EXERCISE
Copy out the data below. Keep every word as it is.

Start of DATA FOR PROCESSING

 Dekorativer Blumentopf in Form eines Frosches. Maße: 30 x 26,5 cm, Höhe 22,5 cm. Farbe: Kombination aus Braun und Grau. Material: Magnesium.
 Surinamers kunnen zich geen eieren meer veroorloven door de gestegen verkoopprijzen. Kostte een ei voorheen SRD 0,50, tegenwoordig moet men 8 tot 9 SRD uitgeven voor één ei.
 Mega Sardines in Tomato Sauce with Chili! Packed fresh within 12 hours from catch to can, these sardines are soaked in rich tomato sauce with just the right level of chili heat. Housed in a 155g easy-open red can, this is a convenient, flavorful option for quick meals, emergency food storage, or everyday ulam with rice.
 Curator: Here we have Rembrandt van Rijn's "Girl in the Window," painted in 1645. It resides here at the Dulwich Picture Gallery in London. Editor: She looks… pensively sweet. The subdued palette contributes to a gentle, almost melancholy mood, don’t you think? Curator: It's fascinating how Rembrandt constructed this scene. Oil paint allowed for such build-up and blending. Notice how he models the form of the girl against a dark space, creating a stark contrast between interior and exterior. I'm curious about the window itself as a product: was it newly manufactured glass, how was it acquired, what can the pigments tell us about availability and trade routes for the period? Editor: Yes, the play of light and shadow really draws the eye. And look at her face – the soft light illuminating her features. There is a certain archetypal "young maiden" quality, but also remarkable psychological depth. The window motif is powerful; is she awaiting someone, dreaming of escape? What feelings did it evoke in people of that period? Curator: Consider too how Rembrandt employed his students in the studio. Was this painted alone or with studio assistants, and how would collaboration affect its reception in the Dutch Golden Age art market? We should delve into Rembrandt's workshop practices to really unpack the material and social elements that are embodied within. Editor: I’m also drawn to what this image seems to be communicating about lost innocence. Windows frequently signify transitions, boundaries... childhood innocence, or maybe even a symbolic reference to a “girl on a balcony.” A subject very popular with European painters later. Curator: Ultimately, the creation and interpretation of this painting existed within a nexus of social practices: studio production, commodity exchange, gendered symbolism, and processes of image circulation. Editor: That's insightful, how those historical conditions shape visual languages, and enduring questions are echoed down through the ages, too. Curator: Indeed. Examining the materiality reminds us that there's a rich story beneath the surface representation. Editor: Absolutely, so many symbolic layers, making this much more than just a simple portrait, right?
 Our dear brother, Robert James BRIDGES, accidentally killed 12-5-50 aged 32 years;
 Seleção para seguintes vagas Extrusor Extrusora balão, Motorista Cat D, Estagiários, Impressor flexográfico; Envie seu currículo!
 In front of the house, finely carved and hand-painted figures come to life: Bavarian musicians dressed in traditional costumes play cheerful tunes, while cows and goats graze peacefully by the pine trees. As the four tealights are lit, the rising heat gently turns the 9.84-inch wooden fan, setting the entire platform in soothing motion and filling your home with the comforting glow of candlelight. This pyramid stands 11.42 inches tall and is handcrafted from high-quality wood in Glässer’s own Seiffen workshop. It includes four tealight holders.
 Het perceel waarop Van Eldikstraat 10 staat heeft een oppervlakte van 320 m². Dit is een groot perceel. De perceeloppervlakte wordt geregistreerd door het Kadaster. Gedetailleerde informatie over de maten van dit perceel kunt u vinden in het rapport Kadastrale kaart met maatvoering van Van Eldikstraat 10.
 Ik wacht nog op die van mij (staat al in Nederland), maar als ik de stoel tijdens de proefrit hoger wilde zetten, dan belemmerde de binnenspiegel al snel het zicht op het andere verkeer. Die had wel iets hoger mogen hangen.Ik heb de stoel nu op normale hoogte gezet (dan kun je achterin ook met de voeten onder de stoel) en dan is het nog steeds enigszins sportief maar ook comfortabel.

End of DATA FOR PROCESSING

COMPLETED EXERCISE
 Dekorativer Blumentopf in Form eines Frosches. Maße: 30 x 26,5 cm, Höhe 22,5 cm. Farbe: Kombination aus Braun und Grau. Material: Magnesium.
 Surinamers kunnen zich geen eieren meer veroorloven door de gestegen verkoopprijzen. Kostte een ei voorheen SRD 0,50, tegenwoordig moet men 8 tot 9 SRD uitgeven voor één ei.
 Mega Sardines in Tomato Sauce with Chili! Packed fresh within 12 hours from catch to can, these sardines are soaked in rich tomato sauce with just the right level of chili heat. Housed in a 155g easy-open red can, this is a convenient, flavorful option for quick meals, emergency food storage, or everyday ulam with rice.
 Curator: Here we have Rembrandt van Rijn's "Girl in the Window," painted in 1645. It resides here at the Dulwich Picture Gallery in London. Editor: She looks… pensively sweet. The subdued palette contributes to a gentle, almost melancholy mood, don’t you think? Curator: It's fascinating how Rembrandt constructed this scene. Oil paint allowed for such build-up and blending. Notice how he models the form of the girl against a dark space, creating a stark contrast between interior and exterior. I'm curious about the window itself as a product: was it newly manufactured glass, how was it acquired, what can the pigments tell us about availability and trade routes for the period? Editor: Yes, the play of light and shadow really draws the eye. And look at her face – the soft light illuminating her features. There is a certain archetypal "young maiden" quality, but also remarkable psychological depth. The window motif is powerful; is she awaiting someone, dreaming of escape? What feelings did it evoke in people of that period? Curator: Consider too how Rembrandt employed his students in the studio. Was this painted alone or with studio assistants, and how would collaboration affect its reception in the Dutch Golden Age art market? We should delve into Rembrandt's workshop practices to really unpack the material and social elements that are embodied within. Editor: I’m also drawn to what this image seems to be communicating about lost innocence. Windows frequently signify transitions, boundaries... childhood innocence, or maybe even a symbolic reference to a “girl on a balcony.” A subject very popular with European painters later. Curator: Ultimately, the creation and interpretation of this painting existed within a nexus of social practices: studio production, commodity exchange, gendered symbolism, and processes of image circulation. Editor: That's insightful, how those historical conditions shape visual languages, and enduring questions are echoed down through the ages, too. Curator: Indeed. Examining the materiality reminds us that there's a rich story beneath the surface representation. Editor: Absolutely, so many symbolic layers, making this much more than just a simple portrait, right?
 Our dear brother, Robert James BRIDGES, accidentally killed 12-5-50 aged 32 years;
 Seleção para seguintes vagas Extrusor Extrusora balão, Motorista Cat D, Estagiários, Impressor flexográfico; Envie seu currículo!
 In front of the house, finely carved and hand-painted figures come to life: Bavarian musicians dressed in traditional costumes play cheerful tunes, while cows and goats graze peacefully by the pine trees. As the four tealights are lit, the rising heat gently turns the 9.84-inch wooden fan, setting the entire platform in soothing motion and filling your home with the comforting glow of candlelight. This pyramid stands 11.42 inches tall and is handcrafted from high-quality wood in Glässer’s own Seiffen workshop. It includes four tealight holders.
 Het perceel waarop Van Eldikstraat 10 staat heeft een oppervlakte van 320 m². Dit is een groot perceel. De perceeloppervlakte wordt geregistreerd door het Kadaster. Gedetailleerde informatie over de maten van dit perceel kunt u vinden in het rapport Kadastrale kaart met maatvoering van Van Eldikstraat 10.
 Ik wacht nog op die van mij (staat al in Nederland), maar als ik de stoel tijdens de proefrit hoger wilde zetten, dan belemmerde de binnenspiegel al snel het zicht op het andere verkeer. Die had wel iets hoger mogen hangen.Ik heb de stoel nu op normale hoogte gezet (dan kun je achterin ook met de voeten onder de stoel) en dan is het nog steeds enigszins sportief maar ook comfortabel.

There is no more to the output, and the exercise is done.